Suzanne Avington, Associate Director for AHPs at Nottinghamshire Healthcare Trust, said: “Leanne and Sally are forward thinking, proactive innovators. Their pursuits build on national AHP and health policy and direction which they continue to shape to the needs of the ICS. Their work and their approaches inherently reflect the three principles of the Integrated Care Strategy. They epitomise working across organisations, identifying, and acknowledging the diversity and unique offer of AHP workforce across health and social care to grow and develop a future generation of staff that are multiskilled and adaptable. With understanding and curiosity, they look to test how inclusive our offers are to educate and train staff in order to develop the capacity and capability of a diverse workforce that is reflective of the communities we serve.”

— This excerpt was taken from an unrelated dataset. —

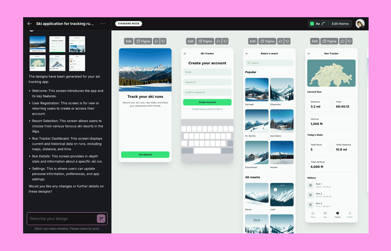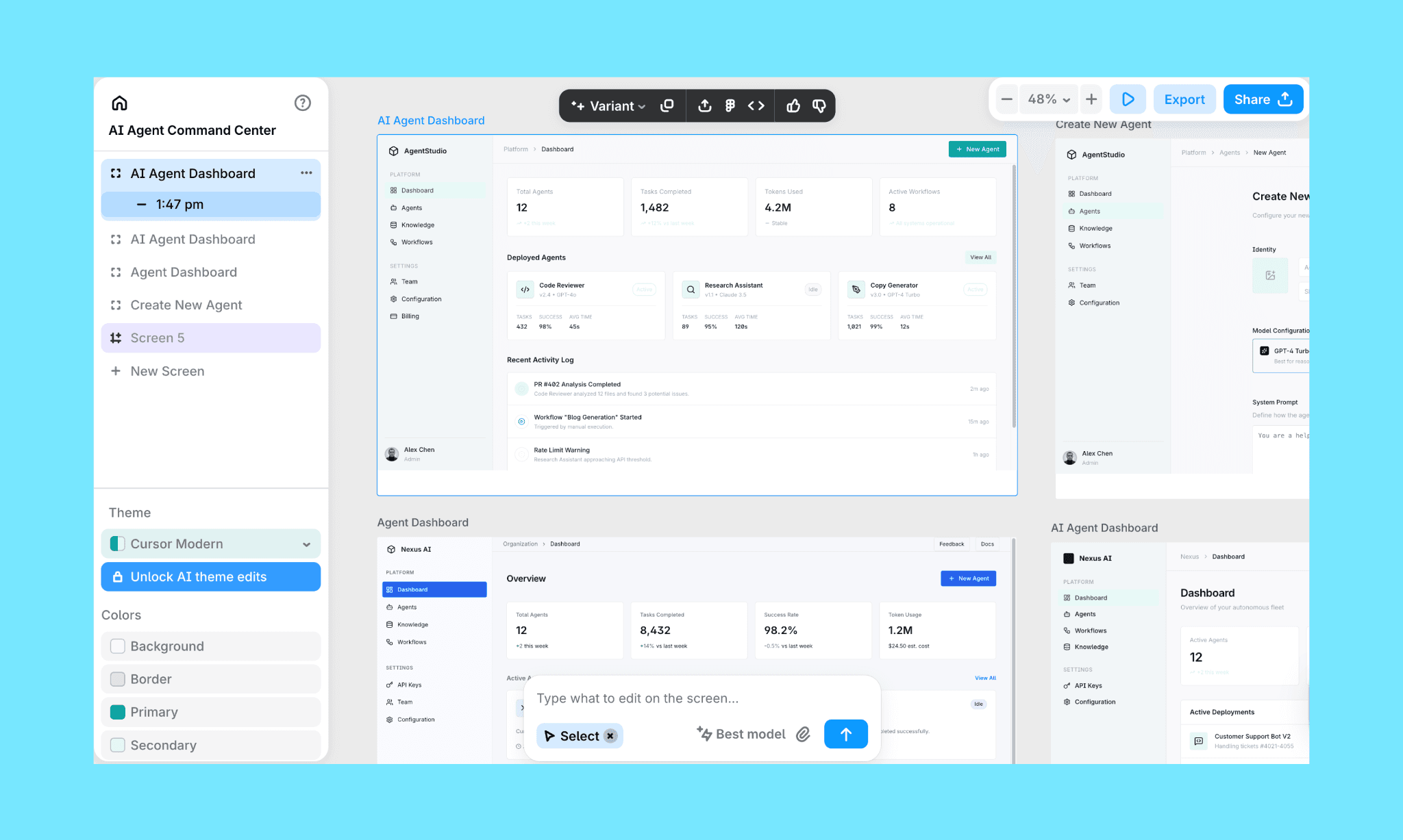 • Let’s you export to Figma, Google’s Jules, or copy code to the clipboard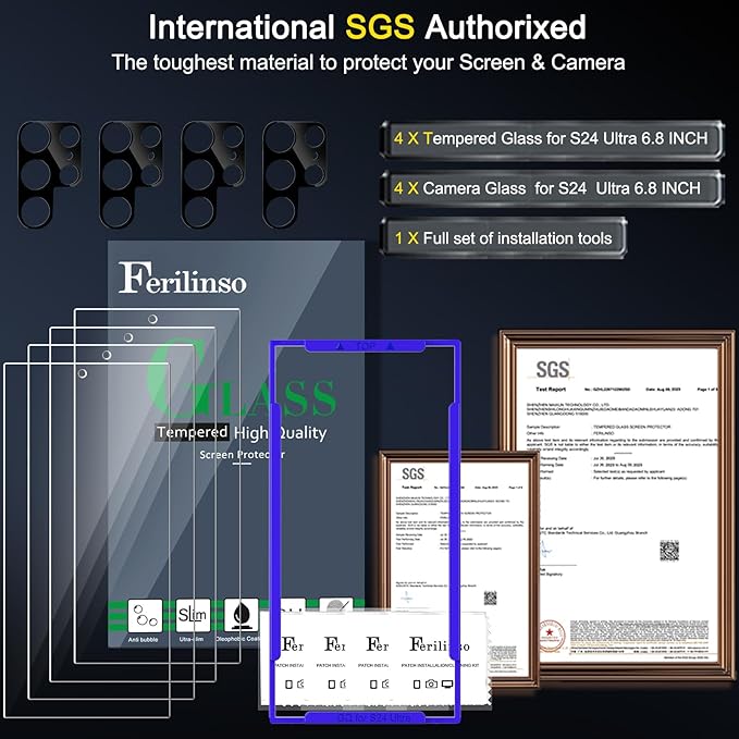 - Fingerprint Suitable: Perfect Support for Fingerprint unlock. Tips, for better use of fingerprint unlocking. After installing tempered film, you need to complete this step: open “Settings” → open “Display” → open “Touch sensitivity”, finally Re-record your fingerprint. In this way, you will get a perfect fingerprint unlock and super fast. The Ferilinso bundle includes: [4 Pack Glass Screen Protector & 4 Pack Camera Protector for S24 Ultra] [Includes mounting frame and cleaning kit].

Monthly shout out to – the Smokefree Team at Nottinghamshire Healthcare NHS Foundation Trust

Congratulations to the Smokefree Team at Nottinghamshire Healthcare NHS Foundation Trust, who have been awarded the ICS monthly shout-out for their work to support patients with mental illness to stop smoking.

The work of the team includes:

  • Setting up a smokefree service within inpatient mental health units, utilising a holistic, person centred approach to smoking cessation and harm reduction. 
  • Designing and facilitating the use of bespoke, educational resources and materials to aid distraction techniques to manage nicotine withdrawal. These have been produced in an easy-read format and other languages and also flash cards for non-verbal patients. The packs have been shared with other mental health trusts nationally.
  • Delivering bespoke training sessions to patients, directly on the ward, educating on different types of Nicotine Replacement Therapy, alongside the benefits of a harm reduction approach for patients who are not ready to quit smoking. 
  • Designing and delivering speciality training modules to 2500 staff working in patient facing areas such as coffee bars and receptionists in GP surgeries.
  • Delivering a suite of support and training within the Specialist Services directorate, including Child And Adolescent Mental Health, Mother and Baby and also within the prison service.

The team is an example of best practice nationally and it supports other mental health trusts with the implementation and facilitation of smokefree services, including the writing of their smokefree and vaping policies and procedures.  

System Analytics Intelligence Unit podcast

The System Analytics Intelligence Unit (SAIU) was set up on 4 July 2022.  This followed the COVID pandemic, where as a system we identified the huge value and benefit of integrated working with our systems data/intelligence and analytical partners to better identify and support the health and care of our population. 

In our latest ICS podcast, Dr Kathy McLean (Chair of the Integrated Care Board) chats to Maria Principe (Director of Clinical Transformation and Effectiveness, ICB), Sergio Pappalettera (Contract and Information Manager, ICB), Stephen Wormall (GP lead for health inequalities mid Notts, ICB) and Chris Packham (Associate Medical Director at Nottinghamshire Healthcare Trust) about how the SAIU is offering a more granular and detailed understanding of what’s happening in and across our system.